Saudi Arabia severs ties with Iran
Members of the Iranian diplomatic mission to Riyadh have been asked to leave Saudi Arabia within 48 hours, Saudi foreign minister Adel Jubeir said yesterday.
Jubeir said the attack on the Saudi embassy in Tehran was similar to attacks against the British embassy several years earlier, as well as on the US embassy in 1979. He claimed it was in line with Iranian policies to destabilise the region.
Iran's interior ministry has ordered the identification, arrest and prosecution of the Iranian perpetrators of the attack on the Saudi embassy, deputy interior minister Hosseinali Amiri said.
Iranian leaders and politicians have condemned Saudi Arabia's execution of al-Nimr, a vocal but peaceful critic of the Saudi ruling establishment and a high-profile advocate of equality for Saudi Arabia's Shiite minority, concentrated in the oil rich eastern part of the country.
Iran's supreme leader Ayatollah Khamenei said the Saudi authorities would suffer "divine retribution" for "shedding the blood of innocents."
The speaker of Iran's parliament Ali Larijani said the execution "will increase regional security problems" and that Saudi Arabia's "inhuman and wrong acts, particularly in the past one or two years, have fuelled fires of war and insecurity."
Saudi Arabia and Iran are on opposite sides of the conflicts in Syria and Yemen.

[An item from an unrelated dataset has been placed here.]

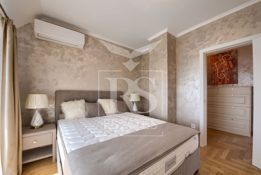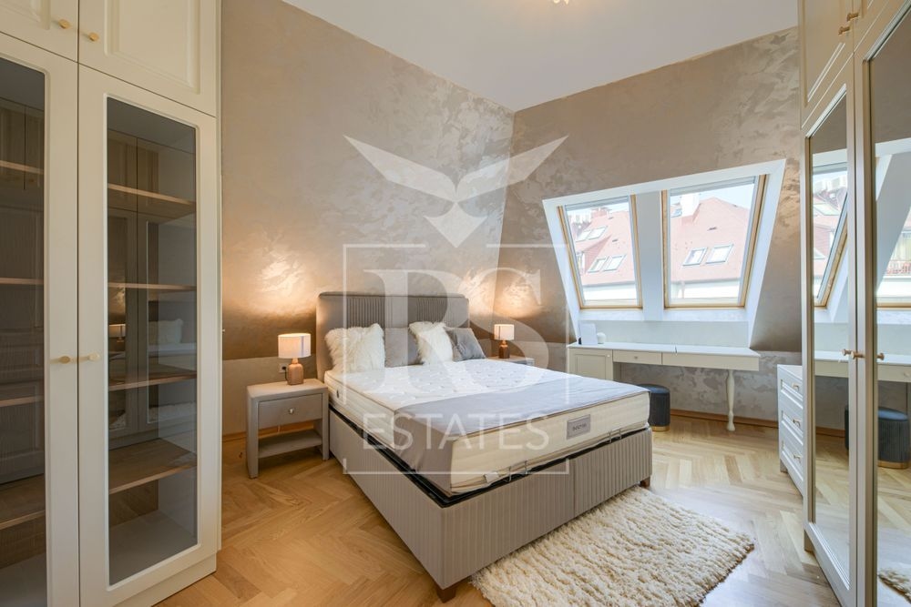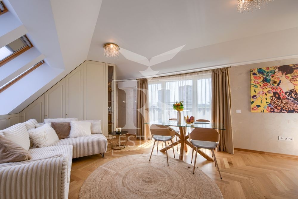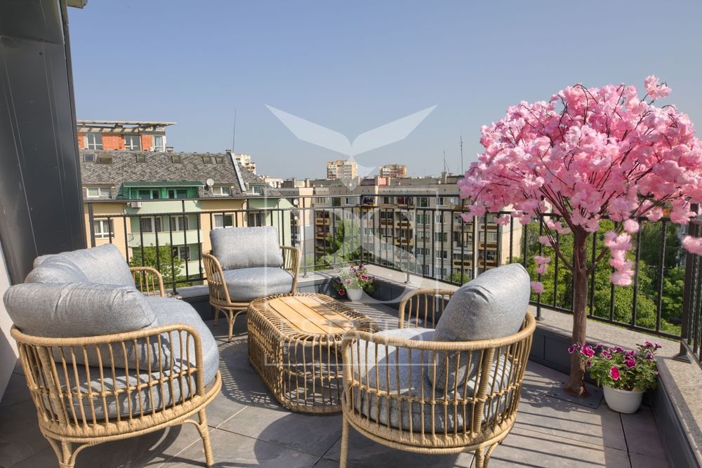 Стилен, четиристаен апартамент тип пентхаус, находящ се в кв. Гео Милев. Имотът е чисто нов и обзаведен до ключ. Интериорът е вдъхновен от изкуството на австрийския художник Густав Климт. Голямата панорамна тераса с множество зеленина и градинска мебел създават усещането за къща в градската среда.

Sheikh al-Nimr was one of 47 men convicted of offences related to terrorism who were executed on 1 January. Most were Sunnis convicted in relation to involvement in al-Qaeda attacks over the past 10 years. But al-Nimr was involved in anti-government protests that broke out in Saudi Arabia in the wake of the Arab Spring. His execution prompted demonstrations in Saudi Arabia's Eastern Province, in Iraq, Bahrain and several other countries.